It doesn't matter if most people reject your idea, you only need a couple
cities to say "approved for preliminary testing for a limited number/couple
thousand beta testers" to go into Prod. And then when you go into prod you get
real life data and can prove that your product really is as awesome as you say
it is, THEN you go back to the countries that said no, but this time with more
money and actual facts to back you up.

This isn't some super expensive product that is out of reach for the world.
This is a thousand dollar conversion kit. If these things were available and I
owned a Honda, I would have bought it to just mess around with it instead of
buying the HTC Vive that I got last night.

I am sure there are lots of beta customers around the world who would be
interested in getting a prelim beta version.

------
maverick_iceman
The letter sent by NHTSA to Comma.ai[1]. I'm a layman but to me the penal
provisions ($21k/day up to $105M for not responding by 11/10, prison sentence
of 15 years for falsifying/withholding information) sound kinda harsh. Can
someone confirm that these conditions are standard in requests of this type?

[1]
[https://www.scribd.com/document/329218929/2016-10-27-Special...](https://www.scribd.com/document/329218929/2016-10-27-Special-
Order-Directed-to-Comma-
ai?content=10079&ad_group=Online+Tracking+Link&campaign=Skimbit%2C+Ltd.&keyword=ft500noi&source=impactradius&medium=affiliate&irgwc=1)

------
Pica_soO
Honest to Odd, could have a normal, shed-hacker fullfill these requirements?
Even if he had the money? Is there a way to shrink the requirement- like
building cars that can drive not faster then 20 mph in full automated mode?

------
jmcmahon443
I think it got cancelled because it is a real startup now.
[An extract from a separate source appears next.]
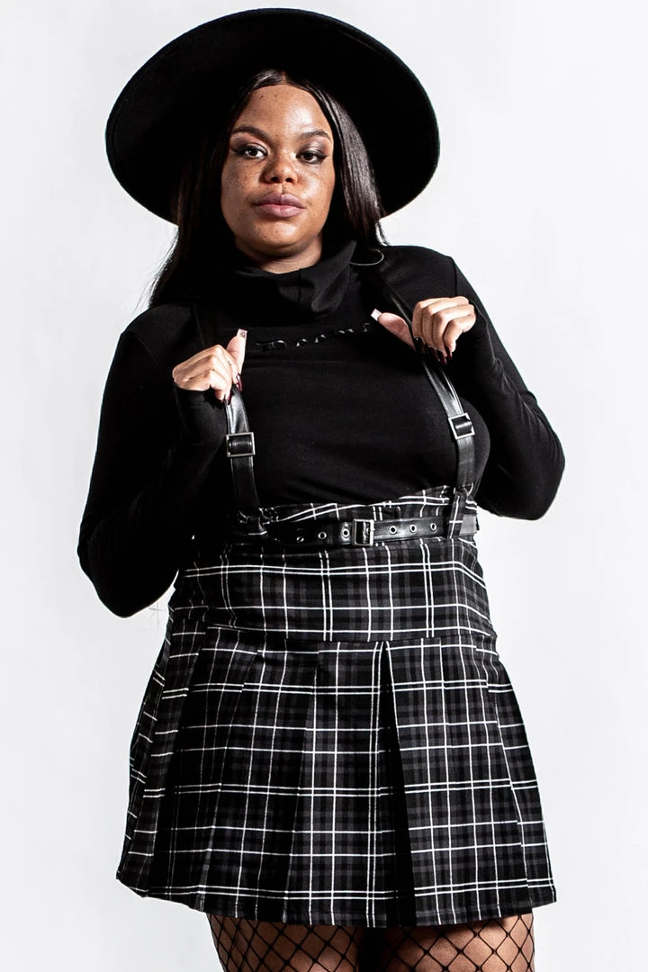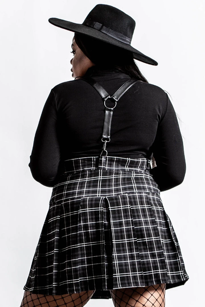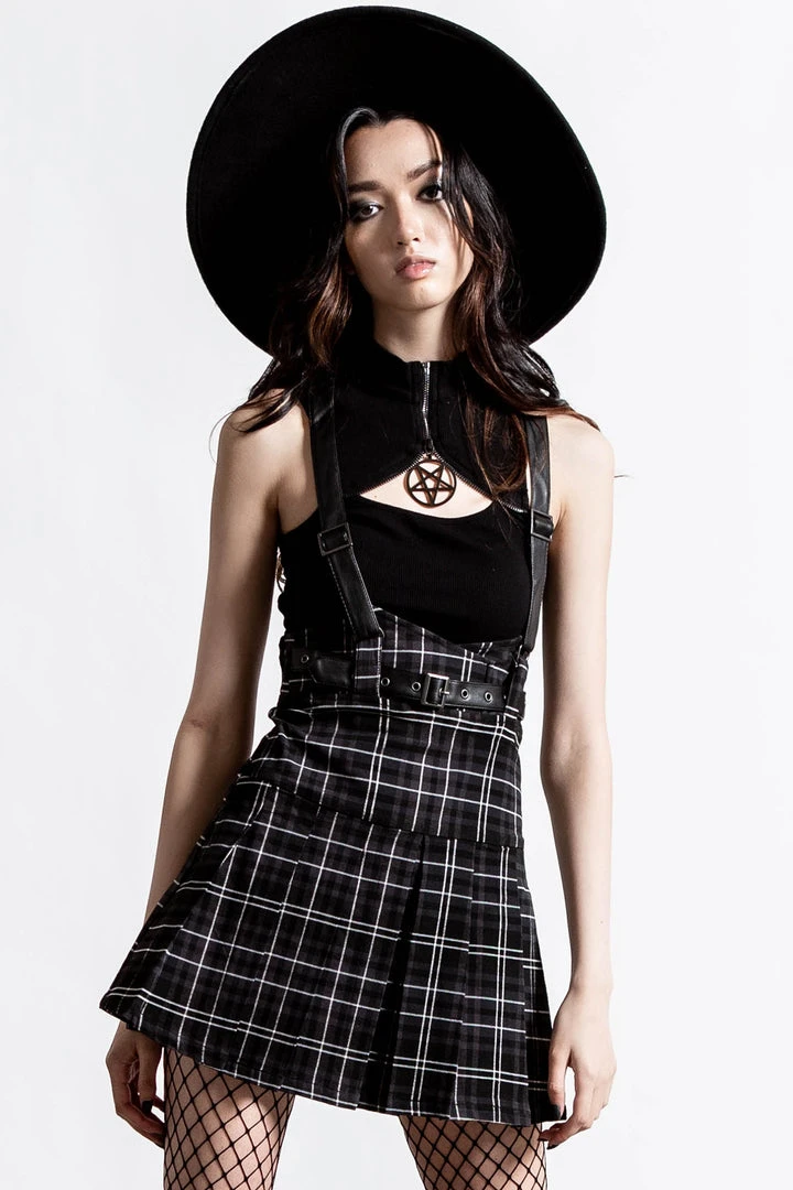 Killstar Shadows Suspender Mini Skirt [ASH TARTAN]

Let me explain! Put yourself in CEO's shoes: you have employees who love
working for you but you need to get them a paycheck. From that perspective, it
is easy to see that it is kind of crazy to enter into these lengthy government
discussions that could possibly ruin your business and delay the entire
industry! No thanks!!

If they're all really engineers who just love doin' the work, they will be a
valuable contracting outfit doin' the exact same work for a steadier paycheck.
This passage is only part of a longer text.